Leren om te gaan met angst vereist een individuele aanpak. Die aanpak bestaat uit twee componenten: (1) een diagnose, en (2) een behandeling. Zowel bij de diagnose als de behandeling maken we gebruik van het feit dat van alle oefeningen de moeilijkheidsgraad gevarieerd kan worden door het aanpassen van afstanden (tussen krijtlijnen, pylonen, …), doormeters (van bochten en cirkels) en aantallen (bochten en poortjes). Voor elke oefening bestaat er een moeilijkheidsgraad waarbij de fietser de oefening nog net met vertrouwen kan rijden. Dit noemen we de “uitgangsoefening”.

 

1. Diagnose

  1. Neem angst serieus en praat het niet weg.
  2. Ga ervan uit dat de meeste mensen niet over hun angsten kunnen of willen praten. Misschien benoemen ze hun gevoel van onbehagen zelfs niet als angst. Dit kun je vaak zien aan een verkrampte houding op de fiets. Met deze fietsers spreek je niet over angst maar over dat het “nog niet zo lekker gaat” of “nog niet zo lekker voelt”.
  3. Ga niet in gesprek over de details van hoe de fietser zijn angst (“nog niet zo lekker voelen”) ervaart. In plaats daarvan, concentreer je op de precieze omstandigheden waarin die angst zich voordoet.
  4. Stel de uitgangsoefening vast. Concreet, probeer duidelijk te krijgen welke precieze oefening (welke afstanden, welke doormeters, welke aantallen) de fietser nog net met vertrouwen kan rijden.

 

2. Behandeling

  1. Pas de moeilijkheidsgraad van de oefening aan zodat de fietser die nog net met vertrouwen kan rijden.
  2. Laat de fietser deze oefening zo vaak rijden totdat het vertrouwen volledig is en de verkramping verdwenen is.
  3. Verhoog geleidelijk aan de moeilijkheidsgraad van de oefening en herhaal telkens stap 2.

De kracht van deze behandelingsvorm is gelegen in het feit dat het overwinnen van angst sterk motiverend is voor de fietser.
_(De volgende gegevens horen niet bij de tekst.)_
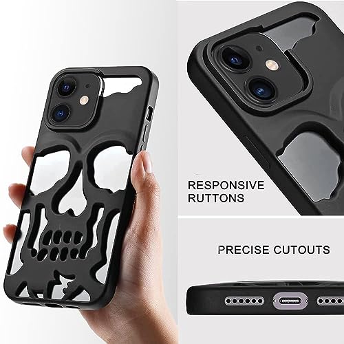 Next store - Next Store Compatible with iPhone 15 PC Case Skull Design with Laser Technology Color Film, Hollow Out Glossy Finish Plating Slim Stylish Shell (Black)
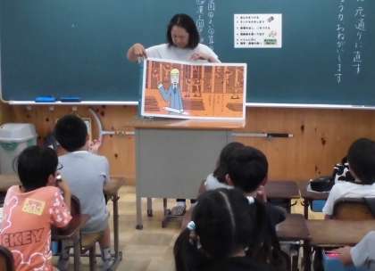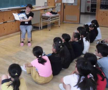 読み聞かせグループ「すずのこえ」の皆さんによる児童への読み聞かせの様子です。本日は3年生と4年生のクラスに入っていただきました。

De herhaling die nodig is om de eerste vooruitgang te boeken (de eerste keer dat stap 2 gezet wordt) vereist doorzetting van de fietser en aanmoediging van een fietsdocent. Maar de volgende keren dat stap 2 genomen moet worden (elke keer met een hogere moeilijkheidsgraad), is de motivatie van de fietser meestal hoog genoeg om het alleen voor elkaar te krijgen.